Trzeba ubezpieczyć dziecko w szkole?

Transkrypt

Trzeba ubezpieczyć dziecko w szkole?
Wiadomość pochodzi ze strony: finanse.wp.pl
Trzeba ubezpieczyć dziecko w szkole?
Joanna Kubik | dodane 2014-09-05 (15:43)
Czy ubezpieczenie dziecka od nieszczęśliwych wypadków oferowane przez szkołę jest obowiązkowe? Placówka nie
może zmusić rodziców do wykupienia takiej polisy. Nie istnieją żadne przepisy, które nakładałyby taki obowiązek.
- Rodzic może, ale nie musi zgadzać się na płacenie składki w towarzystwie, które wybrała szkoła – tłumaczy Paweł
Wawszczak z biura Rzecznika Ubezpieczonych.
Umowa ubezpieczenia dzieci i młodzieży szkolnej od następstw nieszczęśliwych wypadków jest dobrowolna. Każdy
powinien mieć wybór pomiędzy zawarciem umowy ubezpieczenia wskazywanej przez dyrekcję szkoły a
skorzystaniem z innych ofert zakładów ubezpieczeń.
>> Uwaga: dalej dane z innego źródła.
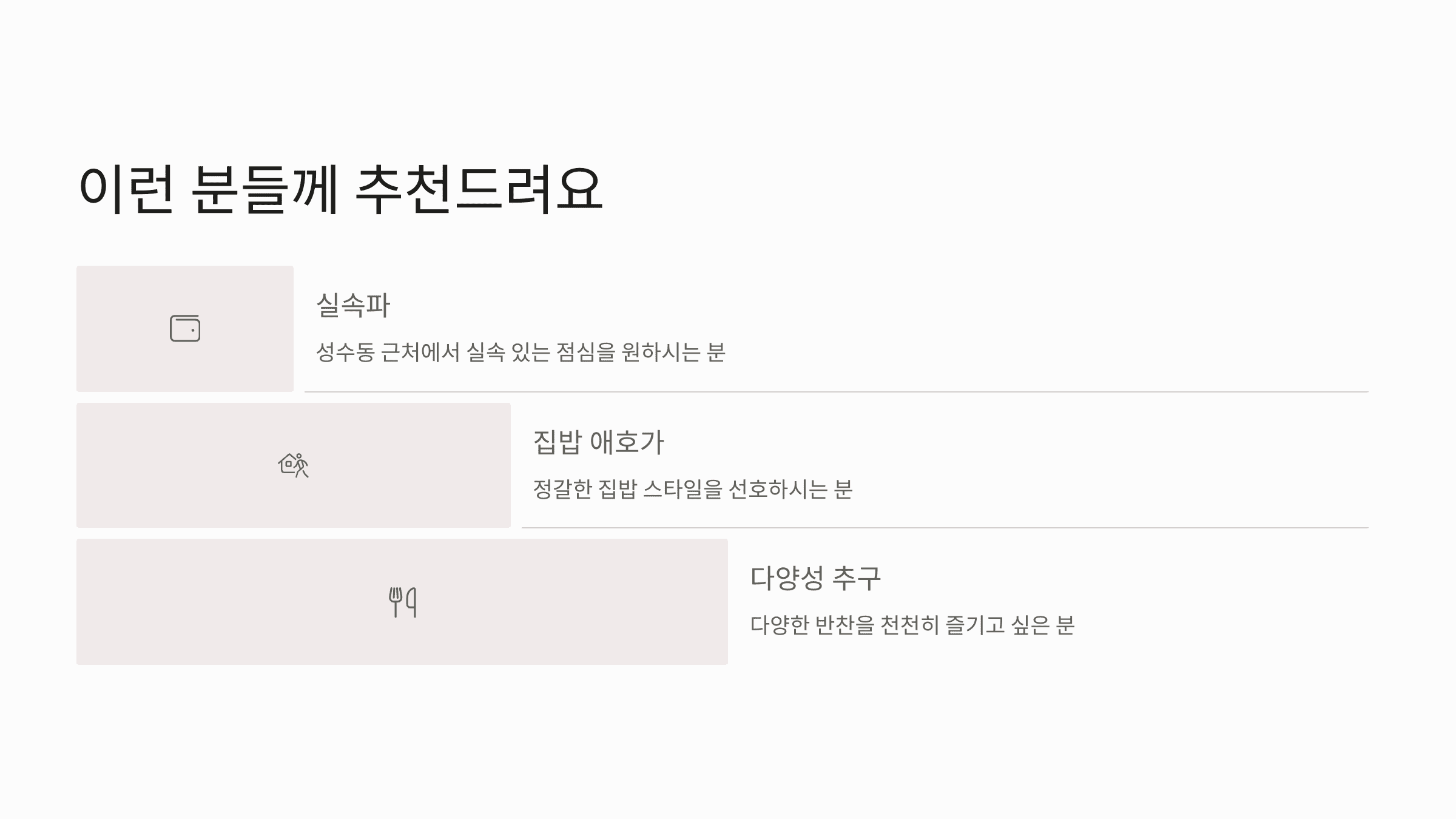 - 자극적이지 않고 집밥 같은 정갈한 맛

Rodzice często odmawiają płacenia za "szkolne" polisy. Skarżą się, że nie mogą uzyskać informacji o towarzystwie, w
jakim to ubezpieczenie jest zawarte i jakie są ogóle warunki. Władze niektórych szkół próbują "obejść" ten problem,
wprowadzając do swojego regulaminu zapis o tzw. obowiązku posiadania polisy NNW. "Jednak nawet wówczas
żaden pracownik szkolnej administracji lub dyrektor placówki oświatowej nie ma prawa zmuszać studenta czy ucznia
do opłacenia oferowanego przez szkołę, przedszkole czy uczelnię ubezpieczenia” – czytamy w serwisie
ubezpieczdziecko.pl. Warto też pamiętać, że sama szkoła albo organ ją prowadzący, powinna mieć własne
ubezpieczenie OC.
Trudności mogą pojawić się w momencie, kiedy nieubezpieczone dziecko będzie chciało pojechać na wycieczkę.
Zdarza się, że szkoły odmawiają takiemu uczniowi uczestnictwa w niej.
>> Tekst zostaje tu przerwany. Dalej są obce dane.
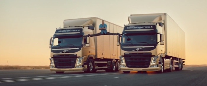 [La photo ci-dessus est issue de cette pub Volvo qui cumule des millions de vues sur Youtube. Jean-Claude Van Damme, les pieds sur deux camions roulants, y effectue son célèbre grand écart pour promouvoir la précision et la stabilité directionnelle des véhicules Volvo. La vidéo a été tournée sans trucage : Jean-Claude sait toujours faire le grand-écart, même à 53 ans, avec un visage hyper lifté. Il a cependant été accroché à des lignes de sécurité qui ne sont pas visibles dans le film, au cas où il se ramasserait (voir cet article de Voici.fr 😉]
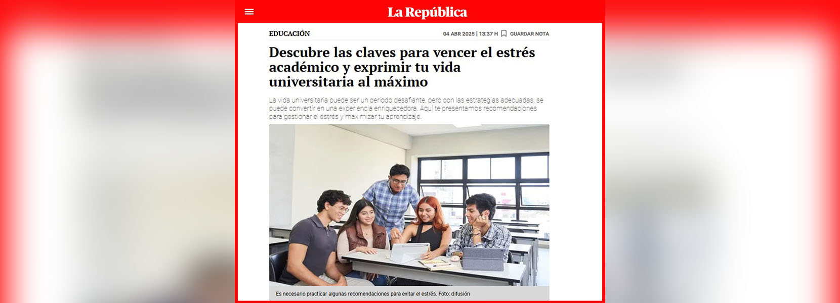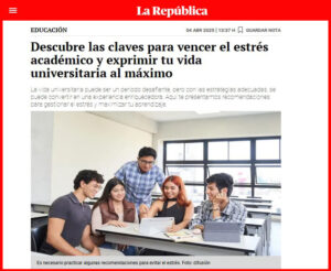 Miguel Flores Galindo, docente de la carrera de Psicología de la Universidad Antonio Ruiz de Montoya (UARM), participó en un informe del diario La República sobre cómo vencer el estrés académico y lograr los objetivos académicos en la etapa universitaria.
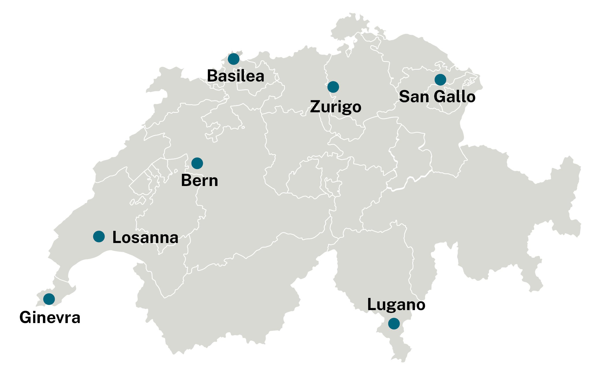 Con circa 400 collaboratori provenienti da tutto il mondo, siamo presenti in sette sedi in Svizzera: Basilea, Berna, Ginevra, Losanna, Lugano, San Gallo e Zurigo.

- Jedynie w przypadku wycieczek rozporządzenie ministra edukacji nakłada obowiązek zawierania ubezpieczeń NNW.
Rozporządzenie to nie zawiera jednak żadnej sankcji za niespełnienie tego obowiązku. Oznacza to, że szkoła nie
powinna odmawiać dziecku udziału w wycieczce, tłumacząc że nie ma wykupionego ubezpieczenia - komentuje
Paweł Wawszczak.
Według przepisów, uczestnicy wycieczek i imprez podlegają ubezpieczeniu od następstw nieszczęśliwych wypadków,
a w przypadku wyjazdu zagranicznego - także kosztów leczenia. MEN ma doprecyzować rozporządzenie właśnie z
uwagi na odmawianie udziału w wycieczkach tym dzieciom, których rodzice nie chcą zawrzeć ubezpieczenia lub po
prostu zapomnieli opłacić składkę.
Zdaniem Pawła Wawszczaka warto ubezpieczyć dziecko. Oferta towarzystw jest bogata i każdy znajdzie coś
odpowiedniego. Czasami też lepiej zapłacić więcej, żeby być lepiej chronionym. - Wszystko zależy od tego, co jest w
środku takiej umowy, jaki jest zakres ubezpieczenia, i w jakich okolicznościach dziecko jest chronione, np. czy jest to
ubezpieczenie, które chroni także po szkole, podczas zabawy na placu zabaw i czy ochrona jest 24-godzinna – mówi
Paweł Wawszczak.
Ceny składek w ubezpieczeniach grupowych wahają się od kilku do kilkudziesięciu złotych rocznie. Za droższe polisy
zapłacimy około 50 zł, tańsze to wydatek rzędu 30-40 zł, niektóre towarzystwa oferują polisy nawet za 15 zł. Szkoły
najczęściej wybierają sumy ubezpieczenia między 10 a 20 tys. zł.
Można też posiadać równolegle dwa ubezpieczenia, szkolne i prywatne. W razie wypadku otrzymamy wtedy dwa
niezależne odszkodowania od każdego z towarzystw. „Jednakże decyzja o zakupie ‘szkolnego ubezpieczenia NNW’
musi być absolutnie dobrowolna, a już na pewno u jej źródła nie może leżeć fałszywa informacja o jego
obowiązkowym charakterze” – informuje serwis ubezpieczdziecko.pl.